Updated 2021-10-18
PACE Storage – Scratch Storage Delete Policy¶
Summary¶
This policy provides guidance on how often the temporary files stored in the scratch storage for the PACE clusters are reviewed and deleted. The aim is to define
- Age of the files that will be included in the list to be deleted
- How often the deletion process will happen
- The number of notifications that will be sent to the users
- How to request extensions, and how many can be requested by a user.
- Tasks to be performed by the PACE team
The scratch space is a shared resource among all users of PACE. It is not intended to be used for long term storage; any file that needs to be kept for over 60 days should be moved to the user’s project space, which is protected by backups and snapshots.
Scope¶
This policy covers the scratch storage used in these PACE clusters:
- Phoenix
- Head node: login-phoenix
- Storage technology: Lustre
- Hive
- Head node: login-hive
- Storage technology: GPFS
Definitions¶
- Scratch
- Temporary file system for storing files used during job execution. The quotas for this storage system are usually larger than the project storage.
- Scratch Sweeper
- Process that sweeps the file system for files older than a certain number of days. Creates a file in the user’s home directory (SCRATCH.TO.BE.DELETED), providing the user with a complete reference of which files will be deleted.
- Generates notification messages for each user, providing details about the upcoming deletion cycle.
- Deleter
- Process that uses the output of the sweeper function to delete the files
- Extension
- For files that the users require to keep for a longer period, a ServiceNow incident should be opened to request an extension. The PACE team will update the user’s files metadata, to exclude them from the current sweep and delete cycles.
- Special exceptions can be requested in case the user will be away for an extended period. Please include information in the ServiceNow incident.
- Extensions can be requested from the time the first notification is received until the deleter process runs.
- PACE CI
- PACE Cyber infrastructure group. Provides operations support for the PACE clusters.
- PACE RS
- Research scientists. Provides end user support and consulting for the PACE services.
Statement of Policy¶
- Scratch space is cleaned once a month.
- Files that are 60 days or older will be included for deletion.
- Automated notifications are sent by sweeper script, every time it runs. Deleter script does not send notifications.
- First sweeper will run on Tuesday to avoid holidays. Normally, it will be the first Tuesday of the month, except when that day is a holiday. In that case, the first sweeper will be run on the next non-holiday business day. The first notification message is sent.

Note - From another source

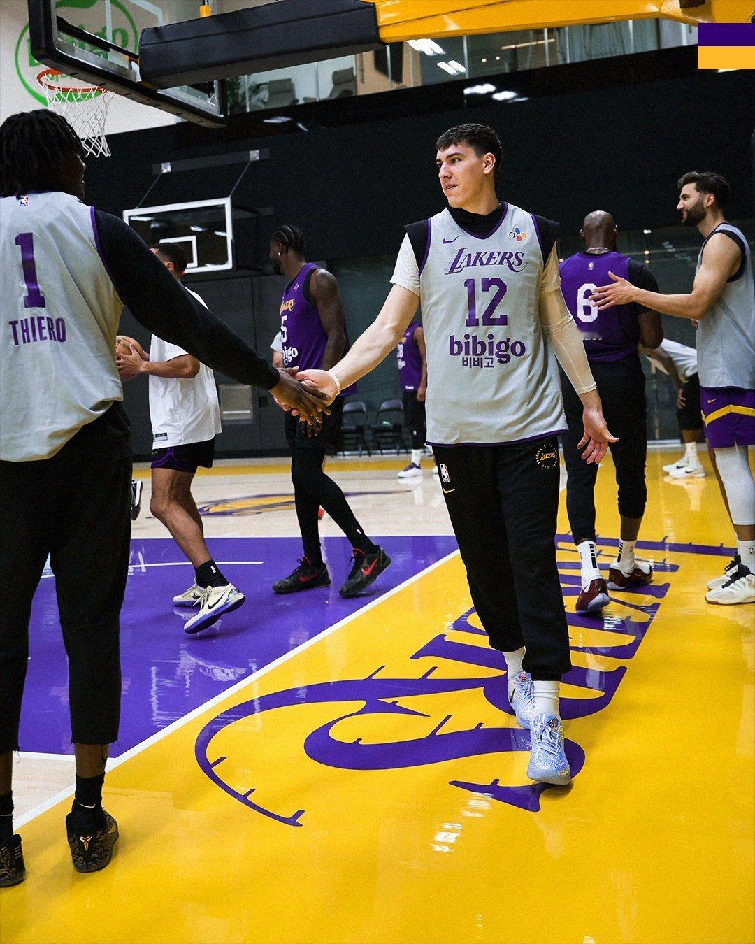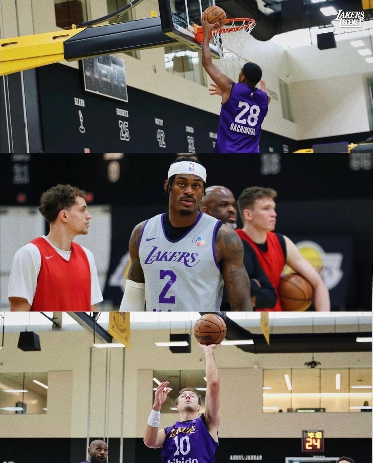今天湖人训练,大家为小尼克·史密斯和克内克特举行了小型生日派对,老将斯玛特给布朗尼、蒂耶罗和克内克特开小灶传授经验

- Users can request extensions after the first notification, up until one day before the delete runs. All the user’s files will be excluded from the current and next deletion cycles.
- Second sweeper runs 7 days after. The second notification message is sent.

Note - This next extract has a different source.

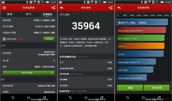 Về mặt phần hiệu năng, HTC One M8 cũng đang đứng đầu các bảng xếp hạng với số điểm Benchmark cao hơn LG G Flex, LG G Pro, Galaxy Note 3, và Xperia Z. Được biết máy có 2 phiên bản khác nhau dành cho thị trường châu Á và Mỹ. Phiên bản được bán ra ở Mỹ, châu Âu, châu Phi và Trung Đông sử dụng chipset Snapdragon 801 tốc độ 2,3 GHz, còn bản bán ra tại châu Á có tốc độ xử lý 2,5 GHz

- Deleter runs 14 days after the first sweeper. No notification is sent to the users.
- When a user submits more than 2 consecutive exception requests, PACE will provide assistance and guidance to use the storage resources efficiently.
Procedure¶
- Day 1: PACE CI runs the scratch sweeper
- Files that are 46 days or older are included in the user report.
- A file with the list of files to be deleted is created in the user’s home directory (~/SCRATCH.TO.BE.DELETED)

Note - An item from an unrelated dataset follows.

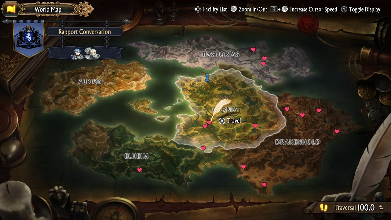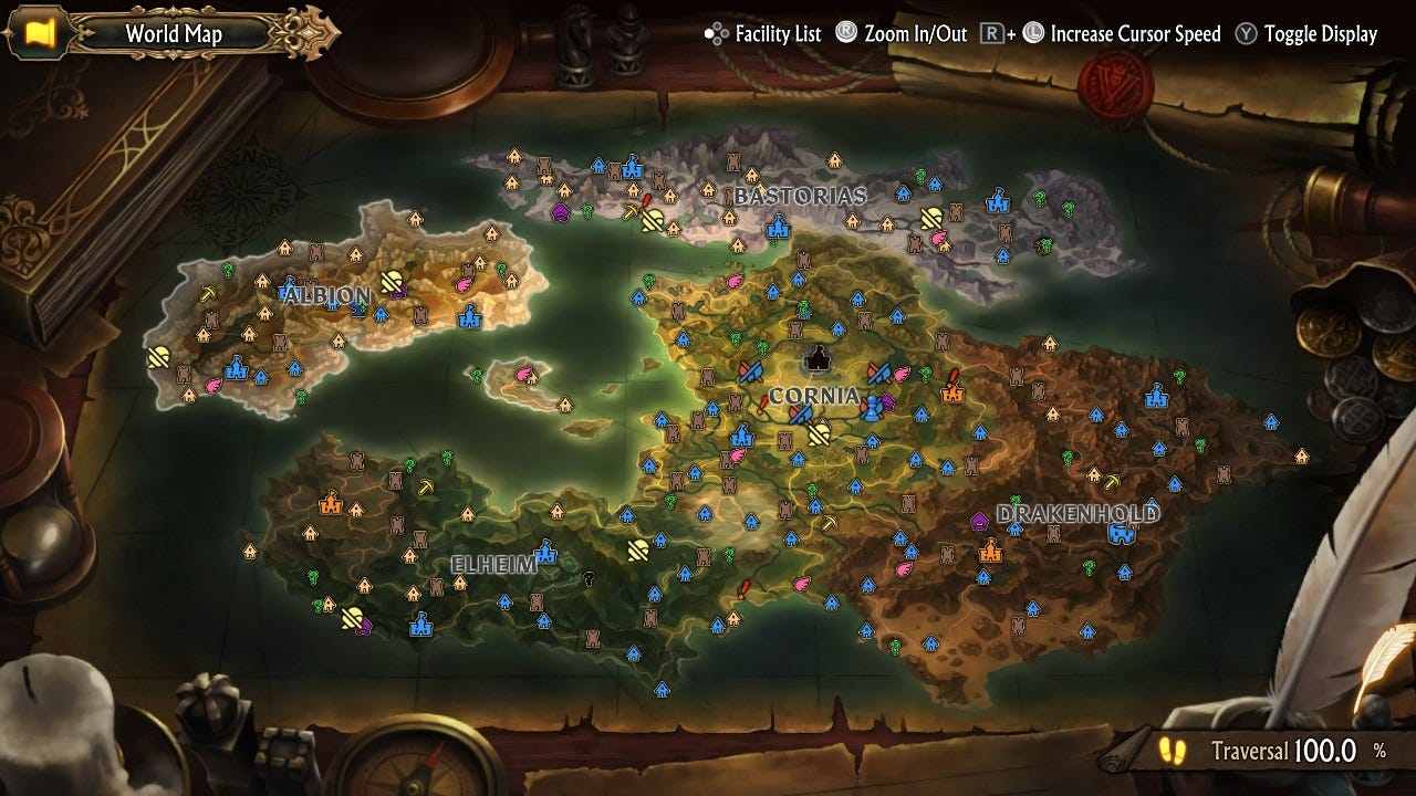 Biasanya dalam game tactic JRPG biasanya map yang ada itu hanya point to point dmna kita sebagai player hanya memilih tempat yang sudah ditentukan, tetapi game ini mengusung tema open world. Dunia yang disuguhkan pun secara kita lihat cukup luas dan dibagi menjadi beberapa bagian dan tema yang berbeda beda,

- An automated notification is sent to every user with candidate files.
- PACE CI and RS will track down any notification issues.
- Days 1-13: Users can submit requests for extensions
- To submit the request, users should reply to the notification message; it will create a ServiceNow request with all the proper details.
- PACE CI and PACE RS provide support for the requests
- All the user’s files are updated.
- Day 7: PACE CI runs the scratch sweeper.
- Files that are 53 days or older are included in the user report.
- A new file with the updated list of files to be deleted is created in the user’s home directory (~/SCRATCH.TO.BE.DELETED).
- An automated notification is sent to every user with candidate files. Users that requested extensions are excluded from this deleter cycle.
- PACE CI and RS will track down any notification issues.
- Day 14: PACE CI runs the scratch delete
- The sweeper runs one last time to get a final list of files to delete.
- Using the final list, the files are deleted from storage.
Enforcement¶
PACE will continue to monitor the scratch storage utilization and work individually with users to assist them on using the shared resource efficiently and appropriately. When a user submits more than two consecutive extension requests, PACE will work with the user to either move the file to permanent storage or delete it.
References¶
PACE web site: https://pace.gatech.edu
PACE documentation: https://docs.pace.gatech.edu
History¶
Revision Date | Author | Description |
---|---|---|
2021-09-08 | Ruben Lara | Initial creation based on Teams conversation in the PACE -> Cyber infrastructure channel. |
2021-09-09 | Ken Suda Dan Zhou Michael Weiner Ruben Lara |
Updated terms and process details |
2021-10-15 | Ruben Lara Dan Zhou Michael Weiner |
Added note about PACE checking for notification issues |